### PROBLEM
Among the entries below, find the line with "A sunrise as" and the line with "วัดต้นจันทร์ ต". Return exactly those lines and every line between them, but no pictures.

### RECORD SET
*-*-*
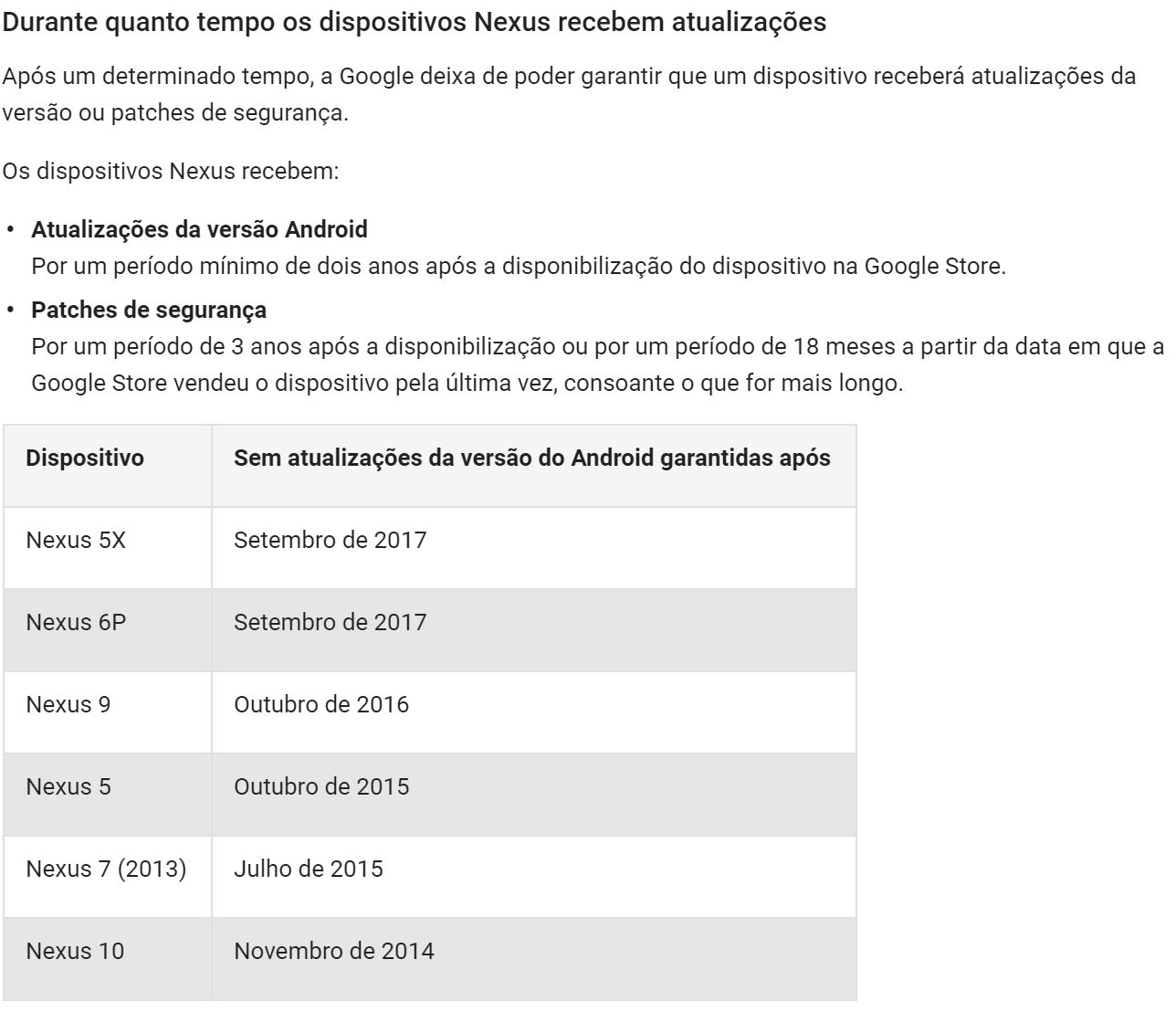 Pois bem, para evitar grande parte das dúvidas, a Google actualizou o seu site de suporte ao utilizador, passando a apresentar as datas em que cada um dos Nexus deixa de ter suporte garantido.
*-*-*
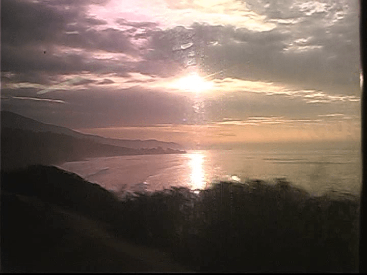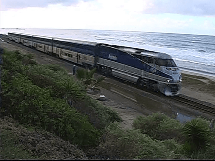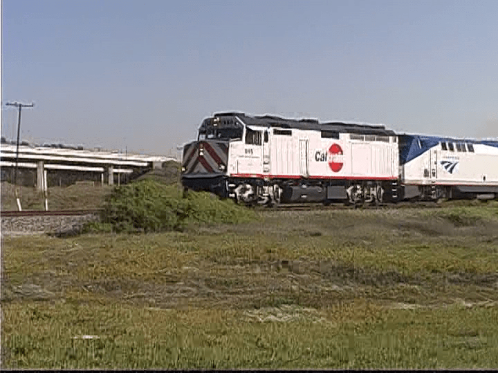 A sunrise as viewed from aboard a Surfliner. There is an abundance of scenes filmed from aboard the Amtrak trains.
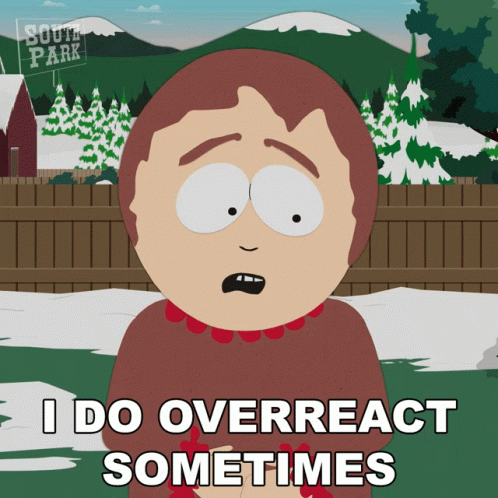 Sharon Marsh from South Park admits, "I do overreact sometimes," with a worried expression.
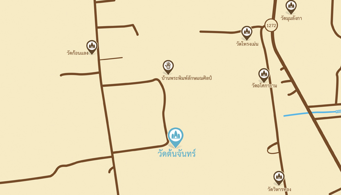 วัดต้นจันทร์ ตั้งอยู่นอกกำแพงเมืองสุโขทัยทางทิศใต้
*-*-*
### RESULT OF THIS EXERCISE
 A sunrise as viewed from aboard a Surfliner. There is an abundance of scenes filmed from aboard the Amtrak trains.
 Sharon Marsh from South Park admits, "I do overreact sometimes," with a worried expression.
 วัดต้นจันทร์ ตั้งอยู่นอกกำแพงเมืองสุโขทัยทางทิศใต้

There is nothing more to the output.